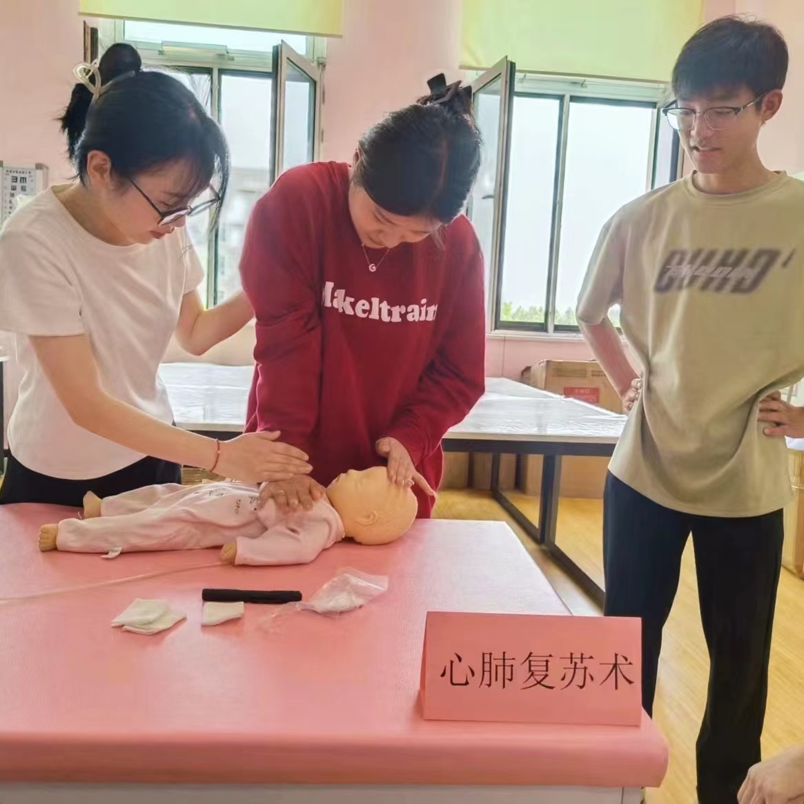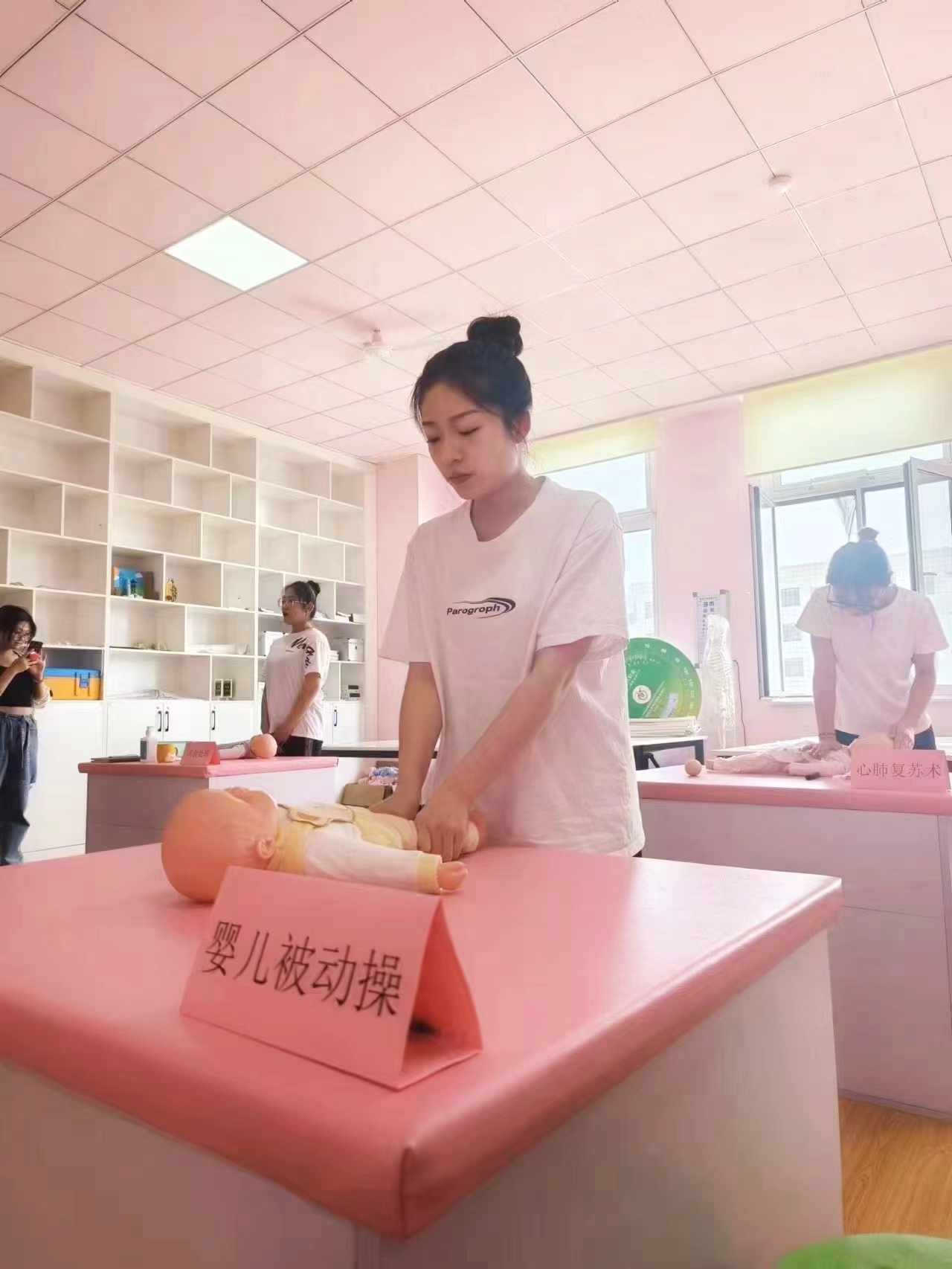 本次活动于2023年5月18日下午在taptap点点知新1号楼236教室(西)——婴幼儿保育实训室举办,诚邀学院老师、22级婴幼儿托育与服务管理专业及其他各专业在校学生参与活动。活动由王乐、杨松涛老师进行实操指导,来自21级婴幼儿托育与服务管理专业的学生张子涵、王伊、赵佳乐、徐子茗、吴英迪、许嘉琪同学为前来学习体验的老师和同学们在操作台上分别展示了更换纸尿裤、婴儿抚触、婴幼儿心肺复苏术、婴儿被动操、婴儿包被、婴幼儿误食处理这六项婴幼儿保健与照护技能。
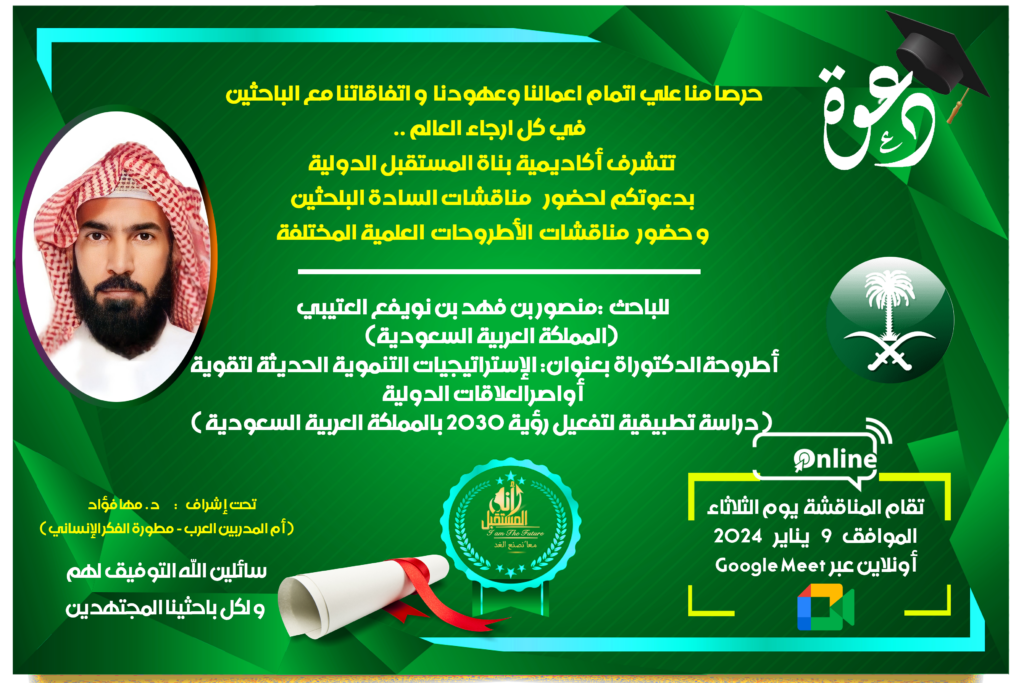 تتشرف أكاديمية بناة المستقبل الدولية FBIA – مصر ، فيوتشر بيلدرز انترناشيونال كومباني – الإمارات ، FBIA ACADEMY PRIVEE – المغرب ، وكلاء جامعة ميريلاند الأمريكية، بدعوتكم لحضور مناقشة أطروحة الدكتوراة عبر شبكة الإنترنت (Google Meet) عن بُعد بالصوت والصورة، لباحث الدكتوراة “ منصور بن فهد بن نويفع العتيبي “ من المملكة العربية السعودية،وجاءت الأطروحة بعنوان: الإستراتيجيات التنموية الحديثة لتقوية أواصرالعلاقات الدولية ( دراسة تطبيقية لتفعيل رؤية 2030 بالمملكة العربية السعودية )
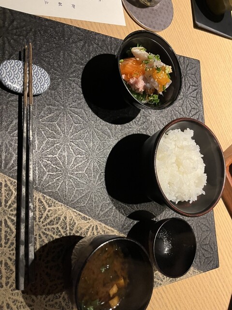 メインのローストビーフがかなり絶品。下に焼き石があることであったかいままいただけました。トリュフ風味の味噌といただけて初めての感覚でしたが、お肉との相性もよく、本当に柔らかくて美味しすぎました。
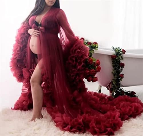 • ♥Style:Tulle robe maternity photoshoot for women mother's day, sheer v neck puffy long sleeves ruffles layered tulle high waist ball gown plus size maxi robes floor length oversize tulle robe for maternity photoshoot slit split.

########################################

▸ **TASK STATEMENT**
Pictures are to be left out; otherwise, retype exactly the lines from the first line of the data through the line containing "メインのローストビーフがかな".

▸ **EXERCISE ANSWER**
 本次活动于2023年5月18日下午在taptap点点知新1号楼236教室(西)——婴幼儿保育实训室举办,诚邀学院老师、22级婴幼儿托育与服务管理专业及其他各专业在校学生参与活动。活动由王乐、杨松涛老师进行实操指导,来自21级婴幼儿托育与服务管理专业的学生张子涵、王伊、赵佳乐、徐子茗、吴英迪、许嘉琪同学为前来学习体验的老师和同学们在操作台上分别展示了更换纸尿裤、婴儿抚触、婴幼儿心肺复苏术、婴儿被动操、婴儿包被、婴幼儿误食处理这六项婴幼儿保健与照护技能。
 تتشرف أكاديمية بناة المستقبل الدولية FBIA – مصر ، فيوتشر بيلدرز انترناشيونال كومباني – الإمارات ، FBIA ACADEMY PRIVEE – المغرب ، وكلاء جامعة ميريلاند الأمريكية، بدعوتكم لحضور مناقشة أطروحة الدكتوراة عبر شبكة الإنترنت (Google Meet) عن بُعد بالصوت والصورة، لباحث الدكتوراة “ منصور بن فهد بن نويفع العتيبي “ من المملكة العربية السعودية،وجاءت الأطروحة بعنوان: الإستراتيجيات التنموية الحديثة لتقوية أواصرالعلاقات الدولية ( دراسة تطبيقية لتفعيل رؤية 2030 بالمملكة العربية السعودية )
 メインのローストビーフがかなり絶品。下に焼き石があることであったかいままいただけました。トリュフ風味の味噌といただけて初めての感覚でしたが、お肉との相性もよく、本当に柔らかくて美味しすぎました。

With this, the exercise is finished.